In 1966 [1], computer scientist Dr. Michael J. Flynn proposed a classification of computer architectures based on their capability to process the number of instruction streams and data streams concurrently. This classification is still relevant and known as Flynn’s taxonomy.

In his initial paper, Flynn proposed four classifications:

Single instruction stream, single data stream (SISD)
Single instruction stream, multiple data streams (SIMD)
Multiple instruction streams, single data stream (MISD)
Multiple instruction streams, multiple data streams (MIMD)

Flynn published three further classifications of SIMD in a subsequent paper published in 1972[2]: Array Processors, Pipelined processors, and Associative Processors.

“Stream” refers to the sequence of data or instructions as seen by the machine during the execution of a program. [1]

A single stream issues one element in each time unit, resembling a queue. Conversely, multiple streams typically release numerous elements per time unit, akin to managing multiple queues simultaneously.

Consequently, a single instruction stream (SI) issues only one instruction within a time unit, whereas a multiple instruction stream (MI) releases multiple instructions during the same period. Similarly, a single data stream (SD) releases a single data element per time unit, while a multiple data stream (MD) issues multiple data elements within the same time frame.

Flynn’s taxonomy can be visually represented as:

Before proceeding, it's important to recall how instructions are executed (the so-called instruction cycle).

The instruction cycle consists of following steps:

Fetch instruction - read the instruction from the memory.
Decode instruction - decode to interpret the requested action.
Fetch Data (if needed) - get the data for processing the instruction.
Execute instruction (process data) - execute the instruction/process the data.
Write-back data - save/store the results.

Let’s try to understand what these different classifications mean.

Single instruction stream, single data stream (SISD)

SISD represents a computing architecture where a uniprocessor machine executes a single instruction stream, operating on a single data stream. This architectural design corresponds with the principles of the von Neumann model.

The control unit retrieves a sequence of instructions from memory, decodes them, and dispatches them to the processing unit, which handles the data fetched from memory one unit at a time. Consequently, only one instruction is executed at any given time, reflecting a sequential execution of instructions.

It is crucial to note that SISD processors may exhibit limited concurrency. For instance, the execution phases of sequential instructions can overlap, facilitated by an additional functional unit. SISD processors achieve concurrent processing through techniques like *pipelined *or superscalar processors.

Pipelined processors involve executing multiple instructions in the same execution unit concurrently by segmenting the execution unit into different phases, while superscalar processors execute multiple instructions in parallel using multiple execution units.

Before the 2000s, most single-core processors adhered to the SISD architecture, encapsulating the foundational structure of early computing systems.

Single instruction stream, multiple data streams (SIMD)

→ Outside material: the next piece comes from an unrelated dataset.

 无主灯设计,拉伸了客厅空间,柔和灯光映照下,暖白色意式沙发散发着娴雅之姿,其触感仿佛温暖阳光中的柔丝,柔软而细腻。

In a SIMD system, a single instruction stream is broadcast to all the processing elements (PE), and each element independently processes its assigned portion of the data. This allows for efficient parallelization of tasks and can result in significant speedup for specific computations.

SIMD is well-suited for tasks involving performing the same operation on a large data set in parallel, such as graphics processing, scientific simulations, or certain mathematical computations.

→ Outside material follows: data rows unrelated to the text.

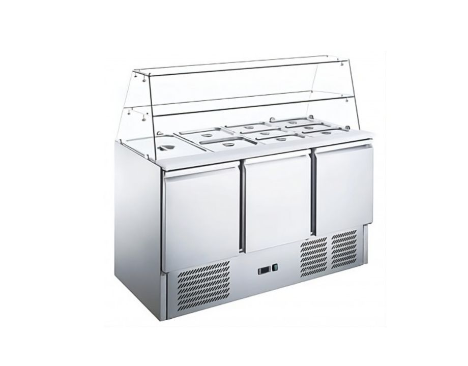 Mesa de Preparación Refrigerada Cristal Curvo 3 Puertas — Todo a la Vista, Todo a Mano
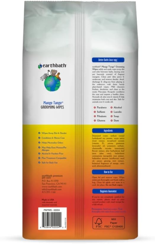 earthbath, Mango Tango Grooming Wipes - Dog Wipes for Paws and Butt, Best Pet Wipes for Dogs & Cats, Made in USA, Cruelty-Free Dog Cleaning Wipes, Removes Dirt & Dander - 100 Count (2 Pack)
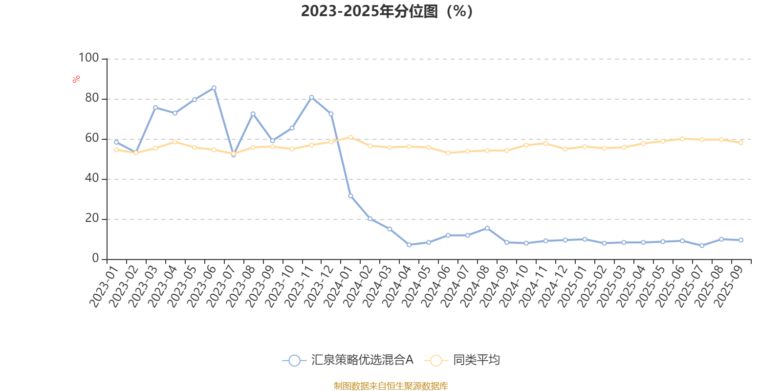 通过所选区间该基金净值增长率分位图,可以观察该基金与同类基金业绩比较情况。图为坐标原点到区间内某时点的净值增长率在同类基金中的分位数。

An instruction is supplied to numerous data elements concurrently, following a synchronized execution pattern. All instructions are queued in this “lockstep” process, and the associated data is distributed across distinct compute units. Each compute unit executes the initial instruction in the queue simultaneously, proceeds to execute the subsequent instruction in sync, and continues this synchronized execution for following instructions in the queue.

SIMD architecture finds its most prevalent application in Graphics Processing Units (GPUs).

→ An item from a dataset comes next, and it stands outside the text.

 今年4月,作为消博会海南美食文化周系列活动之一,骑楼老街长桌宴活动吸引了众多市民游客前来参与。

In 1972, Flynn published another research paper classifying SIMD into three further classifications:

Array Processors (SIMT)

An array (or vector) processor executes an instruction set optimized for efficiently processing large one-dimensional arrays called vectors. In this subtype of SIMD, each parallel processing element has its distinct memory and register file. However, they receive the same instructions.
Nvidia’sSIMT (Single Instruction, Multiple Threads) concept, implemented in GPGPUs, is the most common example of array processors. SIMT combines SIMD with multi-threading and is the basis of most modern GPUs.
Pipelined Processors (packed SIMD)

Just like other SIMD variants, pipelined processors receive the same instructions. However, they read data from a central resource and process fragments of that data independently. Finally, they write back the results to the same central resource. Modern SIMD variations, such as Intel’s AVX or ARM’s NEON, use register files as the shared resource (instead of main memory).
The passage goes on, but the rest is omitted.